Items listed in a dataset:
◇ ◇ ◇
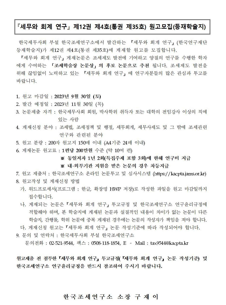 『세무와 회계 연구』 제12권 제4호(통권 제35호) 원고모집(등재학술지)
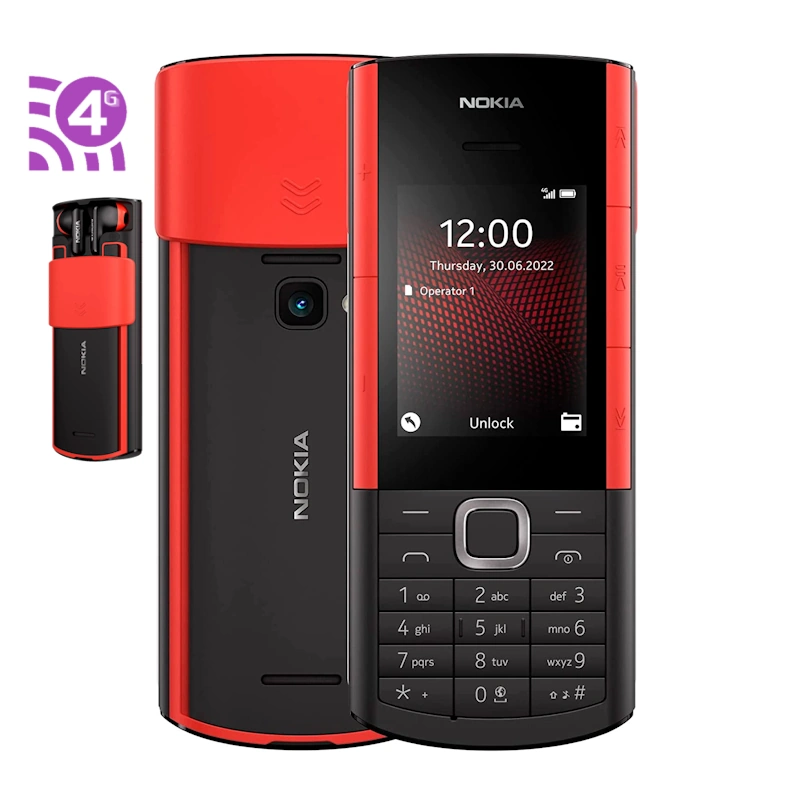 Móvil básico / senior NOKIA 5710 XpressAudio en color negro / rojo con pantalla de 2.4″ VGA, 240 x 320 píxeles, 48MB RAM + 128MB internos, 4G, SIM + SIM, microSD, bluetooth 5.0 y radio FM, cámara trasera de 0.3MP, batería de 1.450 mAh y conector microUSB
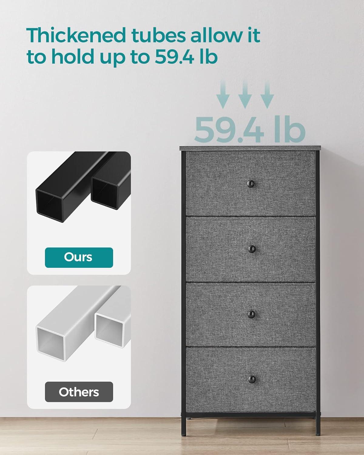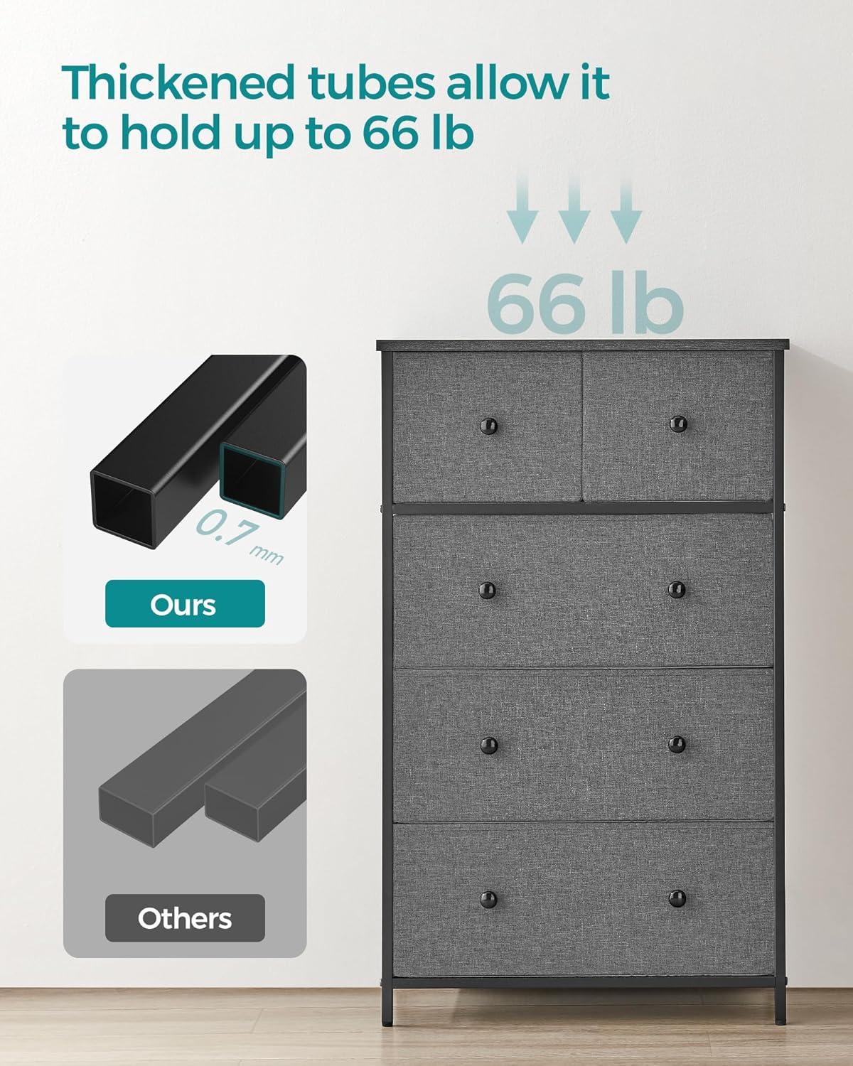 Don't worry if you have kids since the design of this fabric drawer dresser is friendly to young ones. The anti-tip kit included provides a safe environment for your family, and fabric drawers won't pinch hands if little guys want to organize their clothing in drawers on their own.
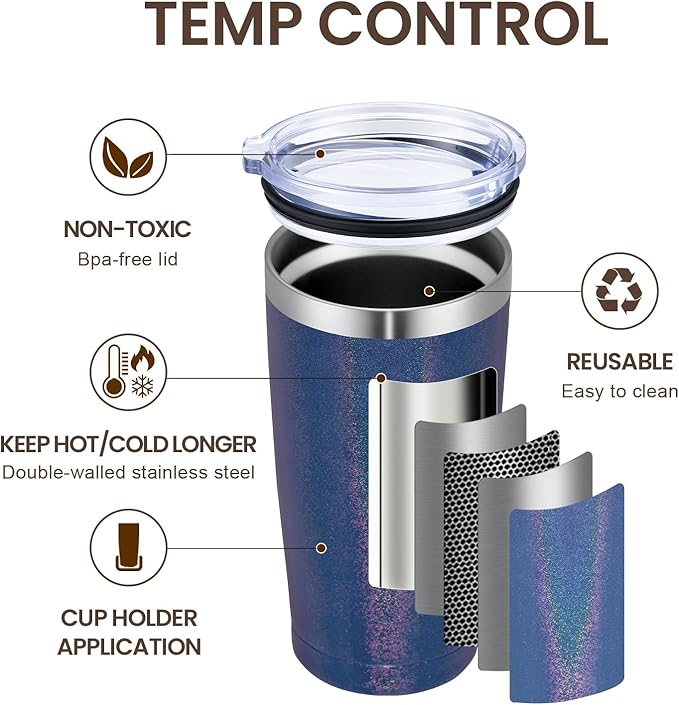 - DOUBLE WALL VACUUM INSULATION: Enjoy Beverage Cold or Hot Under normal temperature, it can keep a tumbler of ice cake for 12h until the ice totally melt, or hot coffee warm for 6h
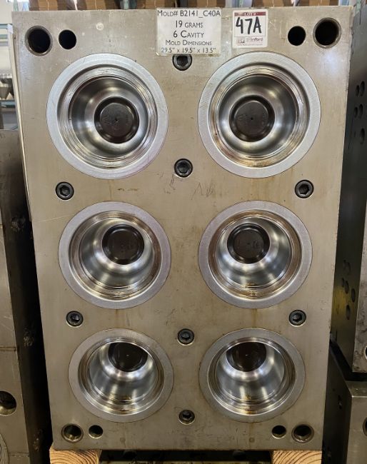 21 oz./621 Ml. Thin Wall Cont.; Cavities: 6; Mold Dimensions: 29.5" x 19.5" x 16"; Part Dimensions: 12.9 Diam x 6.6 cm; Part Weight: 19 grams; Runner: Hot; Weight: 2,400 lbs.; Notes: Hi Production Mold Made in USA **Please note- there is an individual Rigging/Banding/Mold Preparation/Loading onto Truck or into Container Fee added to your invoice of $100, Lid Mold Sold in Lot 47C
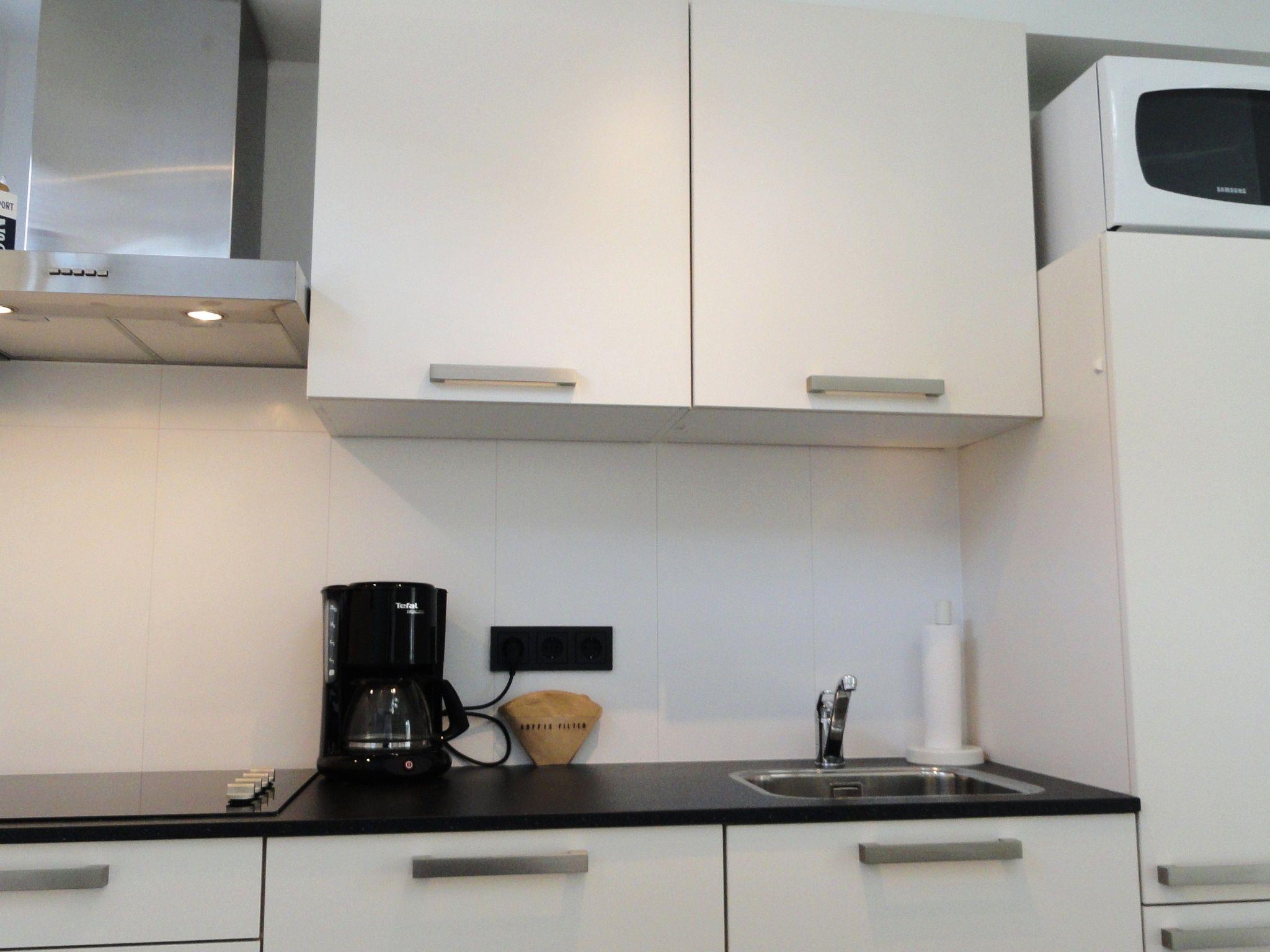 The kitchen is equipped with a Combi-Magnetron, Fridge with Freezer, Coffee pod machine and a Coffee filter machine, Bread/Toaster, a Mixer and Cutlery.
◇ ◇ ◇
**WHAT YOU NEED TO DO**
An exact copy of every line above, minus the pictures, is the required output.

**ANSWER SECTION**
 『세무와 회계 연구』 제12권 제4호(통권 제35호) 원고모집(등재학술지)
 Móvil básico / senior NOKIA 5710 XpressAudio en color negro / rojo con pantalla de 2.4″ VGA, 240 x 320 píxeles, 48MB RAM + 128MB internos, 4G, SIM + SIM, microSD, bluetooth 5.0 y radio FM, cámara trasera de 0.3MP, batería de 1.450 mAh y conector microUSB
 Don't worry if you have kids since the design of this fabric drawer dresser is friendly to young ones. The anti-tip kit included provides a safe environment for your family, and fabric drawers won't pinch hands if little guys want to organize their clothing in drawers on their own.
 - DOUBLE WALL VACUUM INSULATION: Enjoy Beverage Cold or Hot Under normal temperature, it can keep a tumbler of ice cake for 12h until the ice totally melt, or hot coffee warm for 6h
 21 oz./621 Ml. Thin Wall Cont.; Cavities: 6; Mold Dimensions: 29.5" x 19.5" x 16"; Part Dimensions: 12.9 Diam x 6.6 cm; Part Weight: 19 grams; Runner: Hot; Weight: 2,400 lbs.; Notes: Hi Production Mold Made in USA **Please note- there is an individual Rigging/Banding/Mold Preparation/Loading onto Truck or into Container Fee added to your invoice of $100, Lid Mold Sold in Lot 47C
 The kitchen is equipped with a Combi-Magnetron, Fridge with Freezer, Coffee pod machine and a Coffee filter machine, Bread/Toaster, a Mixer and Cutlery.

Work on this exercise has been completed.